▸ **Required work**:
Copy all the data exactly, except the pictures.
┌─ The data
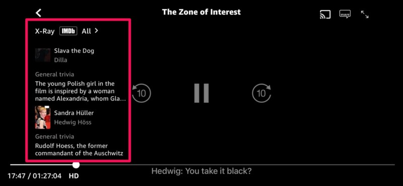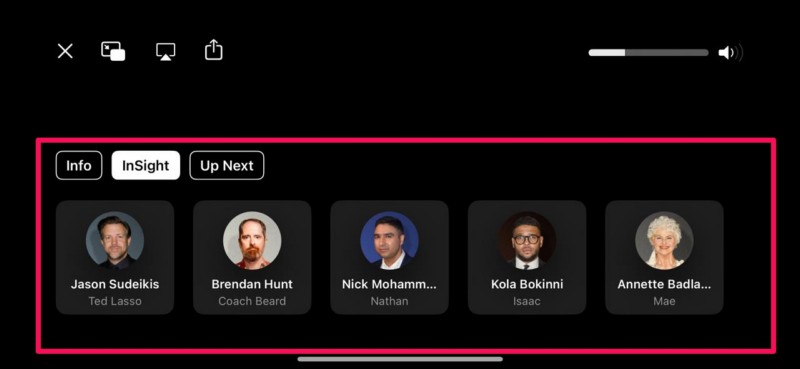 InSight 功能类似于 Prime Video 的 X-Ray 功能,并且工作方式相同。然而,与 Prime Video 应用程序中的 X-Ray 功能不同,该功能不仅显示屏幕上的演员姓名,还提供有关内容的一般琐事和有趣的事实,Apple 的 InSight 只显示男女演员的姓名,仅此而已。
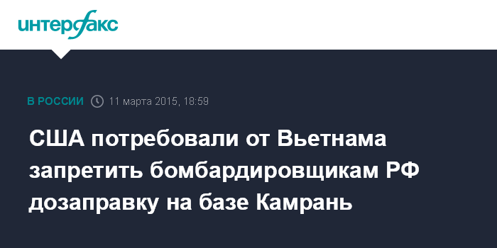 Москва. 11 марта. INTERFAX.RU - США обратились к Вьетнаму с просьбой запретить России использовать бывшую базу США в городе Камрань для дозаправки бомбардировщиков, способных нести ядерный боезаряд, сообщает в среду британская газета Daily mail со ссылкой на представителя Госдепа.
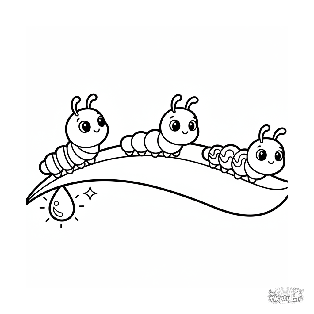 Página para colorir para crianças pequenas 2-3: três lagartas alegres desfilando por uma ponte de folha sobre uma gota de orvalho. Formas simples.
└─
▸ **Result of the exercise**:
 InSight 功能类似于 Prime Video 的 X-Ray 功能,并且工作方式相同。然而,与 Prime Video 应用程序中的 X-Ray 功能不同,该功能不仅显示屏幕上的演员姓名,还提供有关内容的一般琐事和有趣的事实,Apple 的 InSight 只显示男女演员的姓名,仅此而已。
 Москва. 11 марта. INTERFAX.RU - США обратились к Вьетнаму с просьбой запретить России использовать бывшую базу США в городе Камрань для дозаправки бомбардировщиков, способных нести ядерный боезаряд, сообщает в среду британская газета Daily mail со ссылкой на представителя Госдепа.
 Página para colorir para crianças pequenas 2-3: três lagartas alegres desfilando por uma ponte de folha sobre uma gota de orvalho. Formas simples.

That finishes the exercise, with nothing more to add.